(Data items)
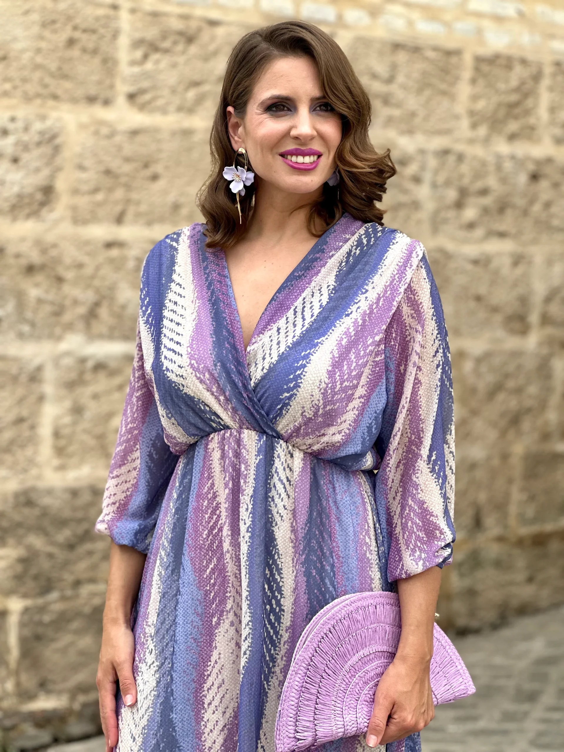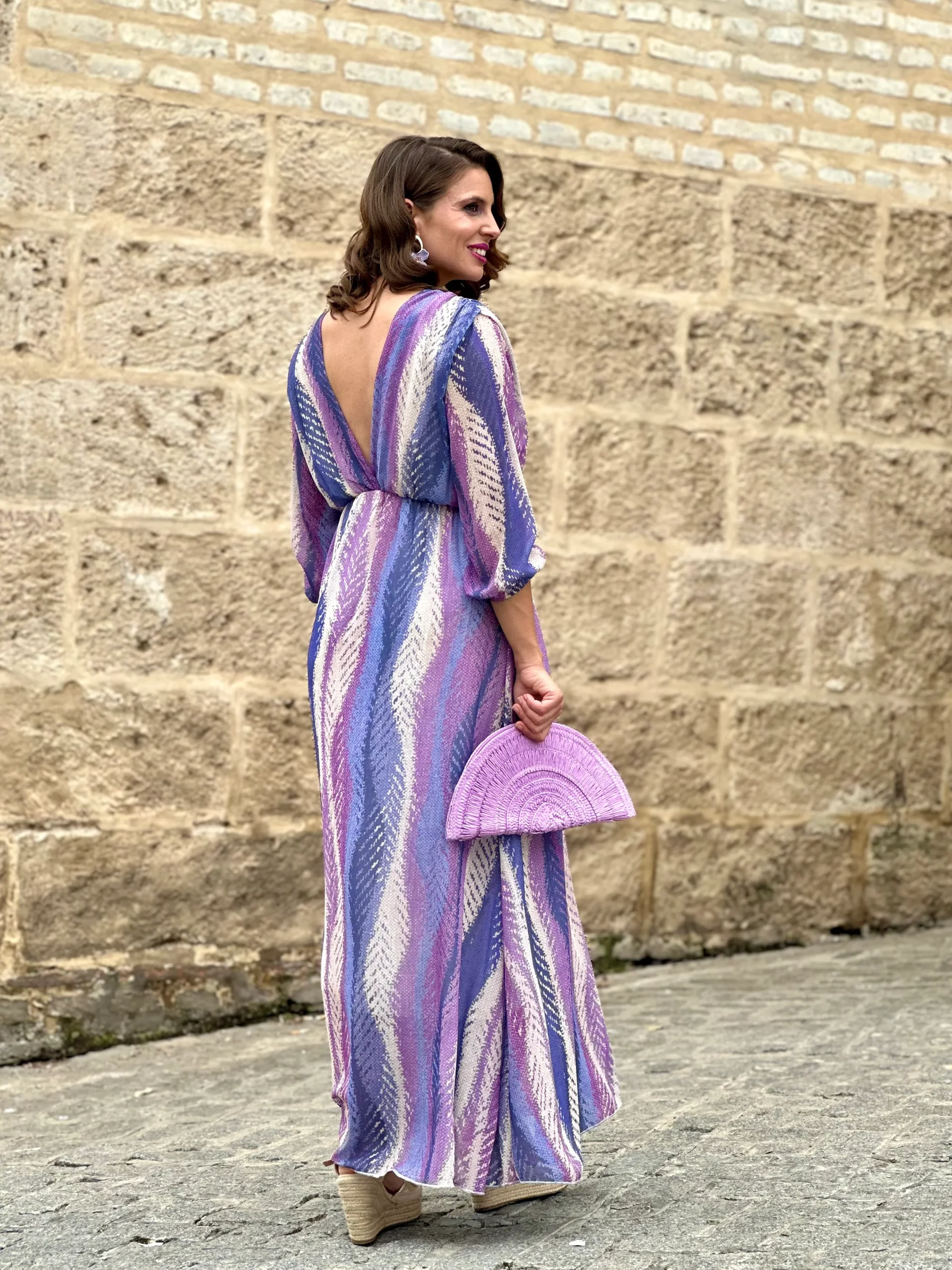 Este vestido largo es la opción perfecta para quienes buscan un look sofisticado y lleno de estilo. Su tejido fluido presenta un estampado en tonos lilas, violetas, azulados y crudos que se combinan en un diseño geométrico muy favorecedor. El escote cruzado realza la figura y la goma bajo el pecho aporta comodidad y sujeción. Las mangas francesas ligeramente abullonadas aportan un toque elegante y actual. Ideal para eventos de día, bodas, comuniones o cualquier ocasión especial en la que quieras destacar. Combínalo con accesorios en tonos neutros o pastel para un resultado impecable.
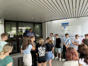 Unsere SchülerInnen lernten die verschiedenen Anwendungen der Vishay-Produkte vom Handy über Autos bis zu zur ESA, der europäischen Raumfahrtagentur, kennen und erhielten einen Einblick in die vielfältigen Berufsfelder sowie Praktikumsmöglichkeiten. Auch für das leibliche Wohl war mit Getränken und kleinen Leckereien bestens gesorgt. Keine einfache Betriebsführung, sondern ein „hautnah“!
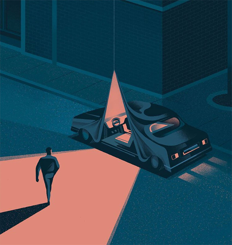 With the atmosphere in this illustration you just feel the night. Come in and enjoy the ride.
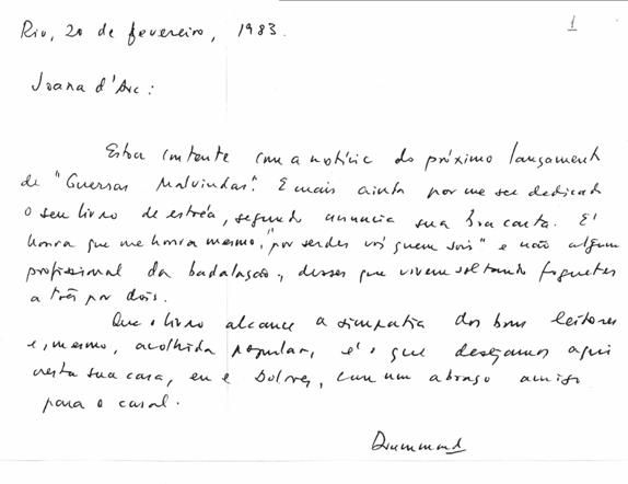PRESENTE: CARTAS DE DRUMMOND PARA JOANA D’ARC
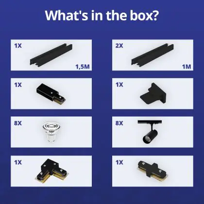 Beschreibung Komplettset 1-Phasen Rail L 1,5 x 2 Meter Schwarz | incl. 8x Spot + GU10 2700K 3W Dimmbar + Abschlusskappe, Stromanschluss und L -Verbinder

Directions: All of the entries above should be copied exactly, with the images left out.

Reply:
 Este vestido largo es la opción perfecta para quienes buscan un look sofisticado y lleno de estilo. Su tejido fluido presenta un estampado en tonos lilas, violetas, azulados y crudos que se combinan en un diseño geométrico muy favorecedor. El escote cruzado realza la figura y la goma bajo el pecho aporta comodidad y sujeción. Las mangas francesas ligeramente abullonadas aportan un toque elegante y actual. Ideal para eventos de día, bodas, comuniones o cualquier ocasión especial en la que quieras destacar. Combínalo con accesorios en tonos neutros o pastel para un resultado impecable.
 Unsere SchülerInnen lernten die verschiedenen Anwendungen der Vishay-Produkte vom Handy über Autos bis zu zur ESA, der europäischen Raumfahrtagentur, kennen und erhielten einen Einblick in die vielfältigen Berufsfelder sowie Praktikumsmöglichkeiten. Auch für das leibliche Wohl war mit Getränken und kleinen Leckereien bestens gesorgt. Keine einfache Betriebsführung, sondern ein „hautnah“!
 With the atmosphere in this illustration you just feel the night. Come in and enjoy the ride.
PRESENTE: CARTAS DE DRUMMOND PARA JOANA D’ARC
 Beschreibung Komplettset 1-Phasen Rail L 1,5 x 2 Meter Schwarz | incl. 8x Spot + GU10 2700K 3W Dimmbar + Abschlusskappe, Stromanschluss und L -Verbinder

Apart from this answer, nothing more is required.